Community arts, community orchestra
Connecting with the community, part whatever-we’re-up-to-now: on Sunday I went to a concert by the McLean Orchestra that I thought did the job very well. Sylvia Alimena, who’s been music director of the orchestra for several years, has to be one of the busiest musicians in Washington, between the Eclipse Chamber Orchestra in Alexandria (their recent Naxos recording of overtures by Gassmann is the first, I believe, in a series), the McLean orchestra, Brass of Peace (a teaching/mentoring program for gifted high school students), and her 25-year tenure (and counting) with the National Symphony Orchestra. What she offered here was impressive no-nonsense conducting of an orchestra that played very respectably for her.
(read more after the jump)
The program was actually conceived for Valentine’s Day, and rescheduled due to the winter storms; it was a Romeo and Juliet concert that took the appropriate music by Tchaikovsky, Berlioz, and Prokofiev, excerpted it, and mingled it with snippets of the play performed by three actors standing Juliet-style on a balcony above the assembled players on the sanctuary/stage of the Oakcrest School in McLean. I expected this excerpting to bother me more than it did; it wasn’t the best way to hear the pieces as pieces, but it created a viable sense of narrative, and it was also informative to hear some of the music (especially the Tchaikovsky, which has its sugary moments) treated as film music, underlying words to give them emotional color. The only really jarring moment, to my ear, was the abrupt intrusion of Tchaikovsky into the Prokofiev on the second half; but for the most part I found it a legitimate exploration of a way to put a slightly different twist on the concert experience -- if not necessarily something you’d want to hear tried on a regular basis.
Another unexpected, and unintentional, factor was the acting: it was so bathetic that the music seemed more honest and direct than the texts, by comparison. The three actors -- particularly the two playing Romeo and Juliet -- approached Shakespeare by means of heightened declamation, while the orchestra played with fire and guts. The McLean Orchestra is largely comprised of amateur or semiprofessional musicians; it can't offer the technical chops of highly trained professionals. But it did offer that often chimerical ideal of an amateur group: genuine love of music, and excitement about playing it. The Tchaikovsky's climaxes had a thrilling force that even top ensembles don't always demonstrate.

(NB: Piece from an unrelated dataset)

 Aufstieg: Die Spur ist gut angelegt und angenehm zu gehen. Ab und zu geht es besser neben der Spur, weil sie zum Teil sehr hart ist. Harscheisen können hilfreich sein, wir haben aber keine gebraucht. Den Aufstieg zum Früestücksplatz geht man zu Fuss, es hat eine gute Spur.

You could say this is what DIY music aspires to: that thrill of being part of something that is in so many ways bigger than yourself. You can get it in the audience; you can get it even more when you're actually playing yourself.

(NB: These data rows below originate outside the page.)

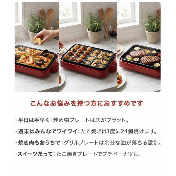 3WAYホットプレートRM-243TE-RD 3枚プレートでメニューを切り替えるホットプレート
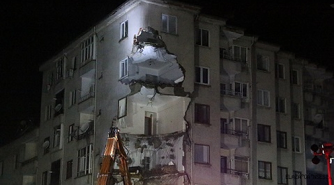 Elazığ'daki 6.8'lik depremin ardından çökme riski bulunan bir binanın dev vinç ve kepçelerle yıkımına başlandı.
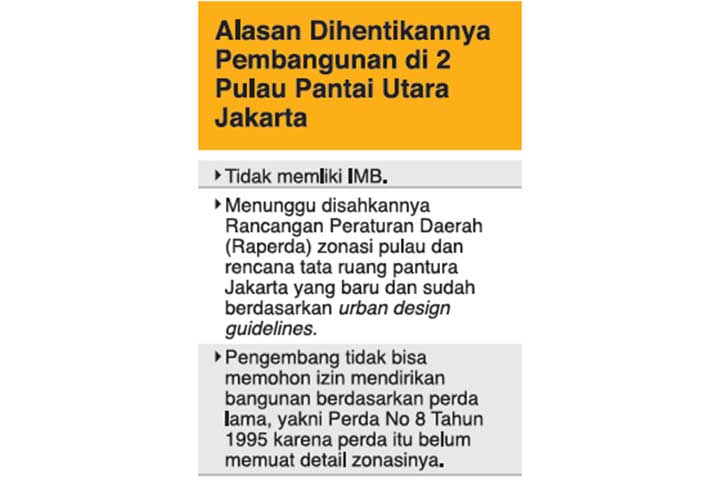 Pembangunan fisik di pulau hasil reklamasi tanpa IMB dan belum ada pembayaran PBB. Masyarakat diminta tidak terburu-buru membeli karena penjulan properti itu ilegal.
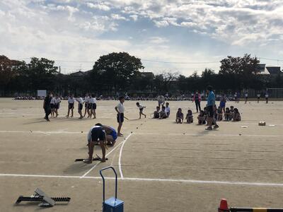 本日は、一学期に実施できなかった市内陸上大会に代えて、校内陸上大会です。校内で4~6年生がそれぞれエントリーした種目で記録をめざします。
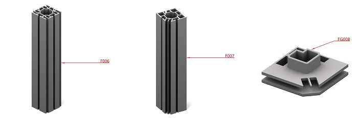 I 6 elementi base del sistema 6ALU sono realizzati con il profilo F006 e F007 con lo spessore di soli 40 mm.
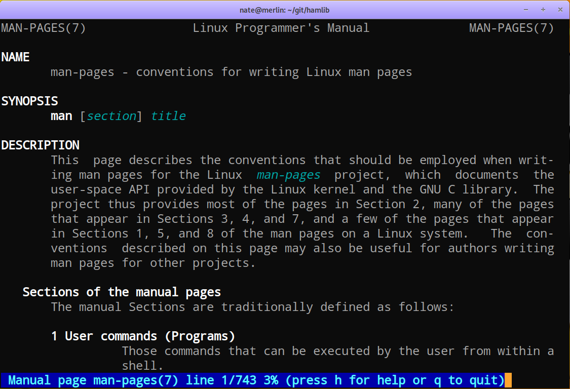 As can be seen, the Xterm shows the cyan text in italics while the Linux console does not. Still, this goes a long way toward having the most consistent color styling for manual pages across the various terminal types.
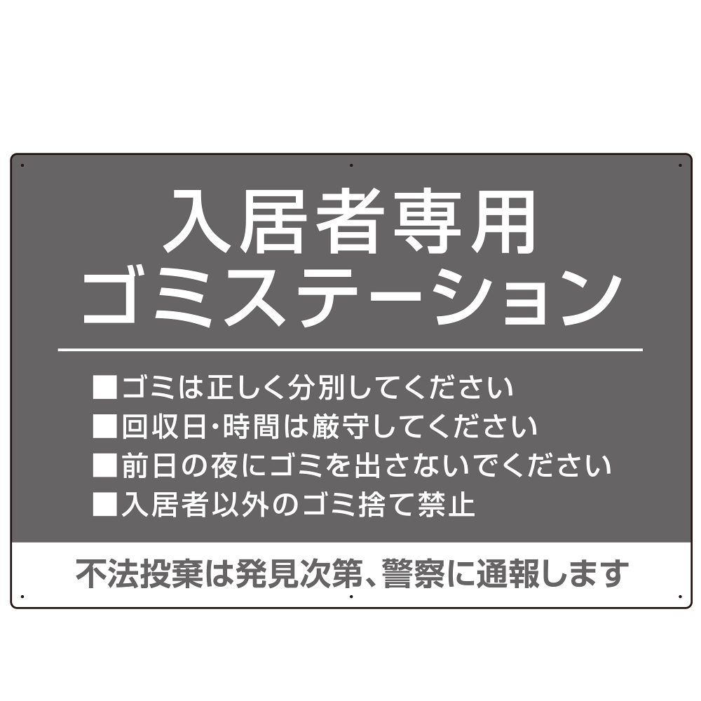 入居者専用ゴミステーション シックなデザイン オリジナル プレート看板 グレー W900×H600 エコユニボード (SP-SMD631A-90x60U)

Of course, the focus of the performance is not the players, but the audience. And unfortunately, it's not completely realistic to say that strong musical performances are the best way to connect with your community: it isn't always enough. But it is true that you're not going to be able to connect without them, either. I don't know what Sunday's audience made of the experience; but its members certainly got their money's worth.